В углу шипит телевизор. Топор лежит на полу, где его уронил мой рыдающий брат. В зеркале над камином отражается бледный, впалый упырь, лицо которого размазано кровью, между скрежещущими зубами застряли куски сырой плоти, из левого плеча торчит искореженный кусок хряща и крови. Я инстинктивно отшатываюсь в страхе при виде такого отвратительного существа в моей гостиной. Затем я понимаю, что это единственное, что я могу видеть в зеркале.

Боль от голода — ничто по сравнению с ужасом. Воющая, кричащая агония, которая приходит от осознания того, что ты не просто мертв, а действительно в аду. Я пытаюсь закричать, но все, что получается, это низкий, хриплый стон, похожий на шум ветра в трубном органе, на котором я играю в нашей церкви.

О, Боже! Моника! Господи, Господи, Господи, что я наделал? Святой Боже, помоги мне! Помоги мне!

Тьма возвращается, на этот раз навсегда, и гасит пламя. Свет умирает, и мир снова поглощает тень. Лучше забвение ходячих мертвецов, чем ясность проклятия.

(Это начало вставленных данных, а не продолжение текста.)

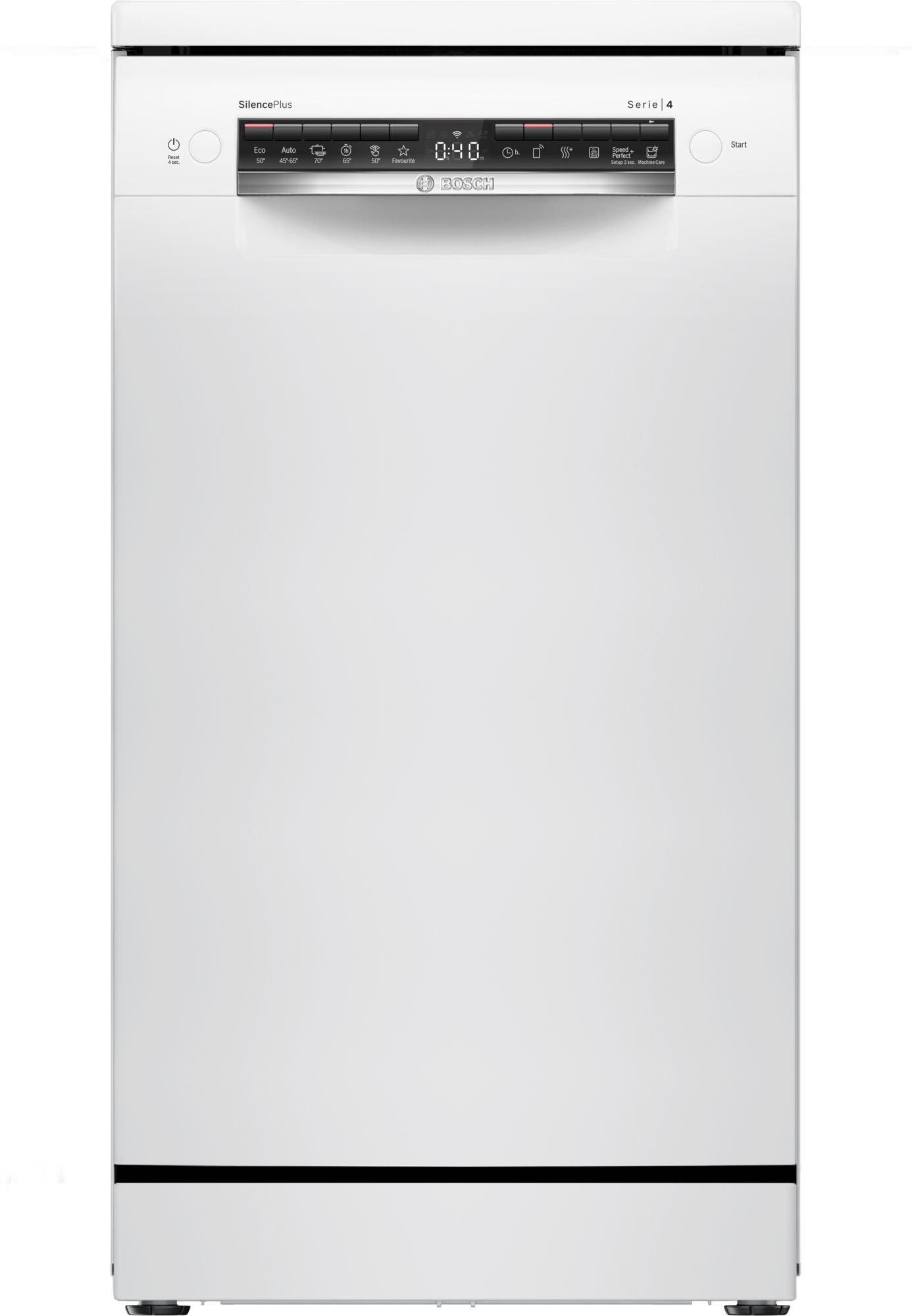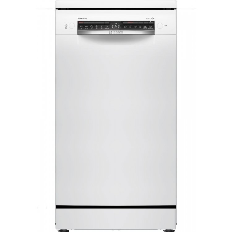 Lavavajillas libre instalación ancho 45 cm. Serie 4 - BOSCH, SPS4HMW49E, Lavavajillas, E, Libre instalación, 45 cm , 10 servicios, HC, Blanco, display+teclas, 3ª bandeja, Pgr..Auto 1h, Favorito. Prog. esp. limpieza cuba2.0. 3 f Extra seco, VSPlus. 9,5litros, 44db. -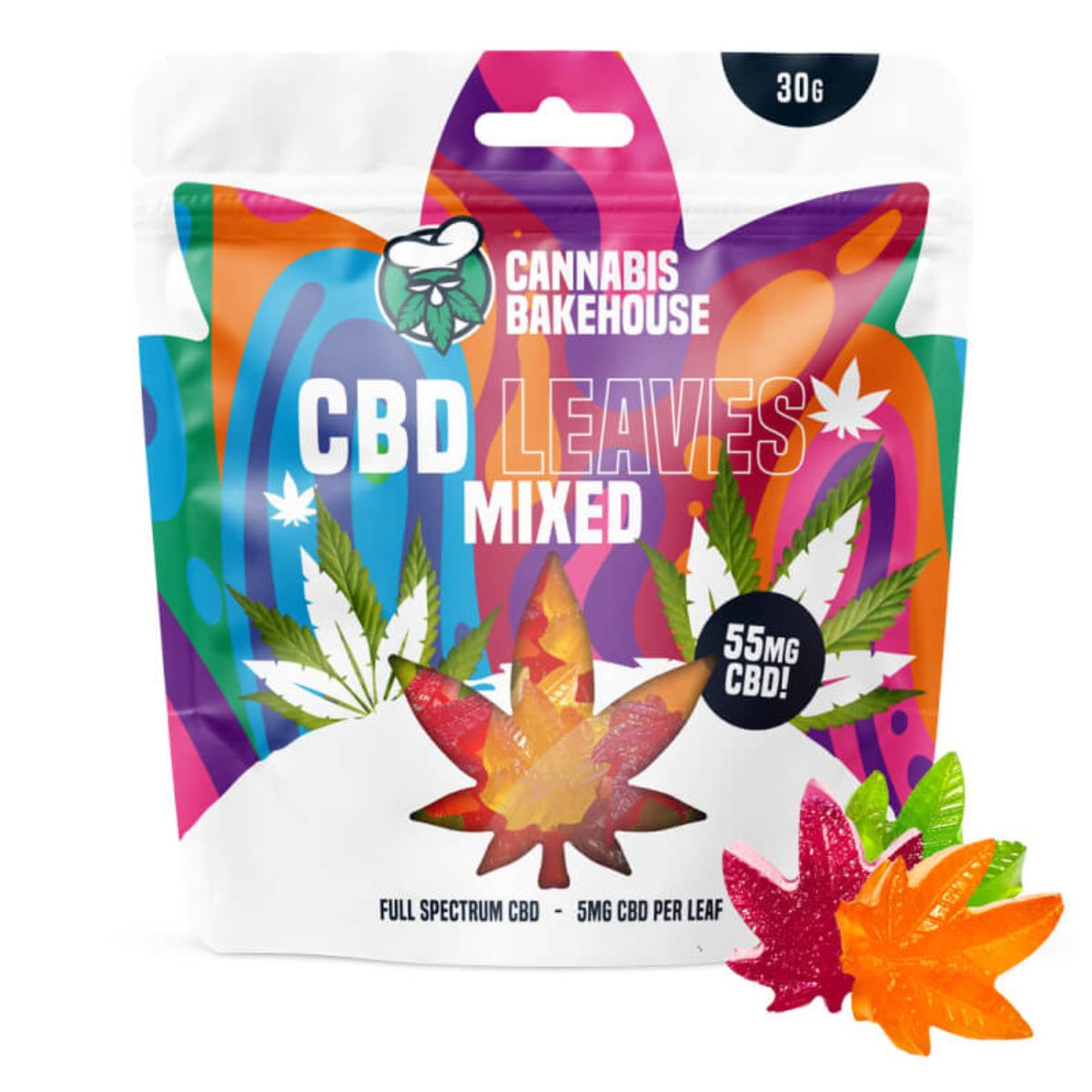 - Individual retail packs of Cannabis Bakehouse CBD Gummy Leaves

Истекающая кровью пища дергается и начинает подниматься. Это больше не еда. Улови запах пищи. Следуй за ним. Мышцы ног напряжены. Трудно идти. Выйди по запаху из дома. Солнечный свет жжет глаза. Впереди фигуры. Много, много фигур. Еда? Нет. Фигуры движутся слишком медленно и слишком плохо пахнут, чтобы быть едой. Фигуры — это не еда.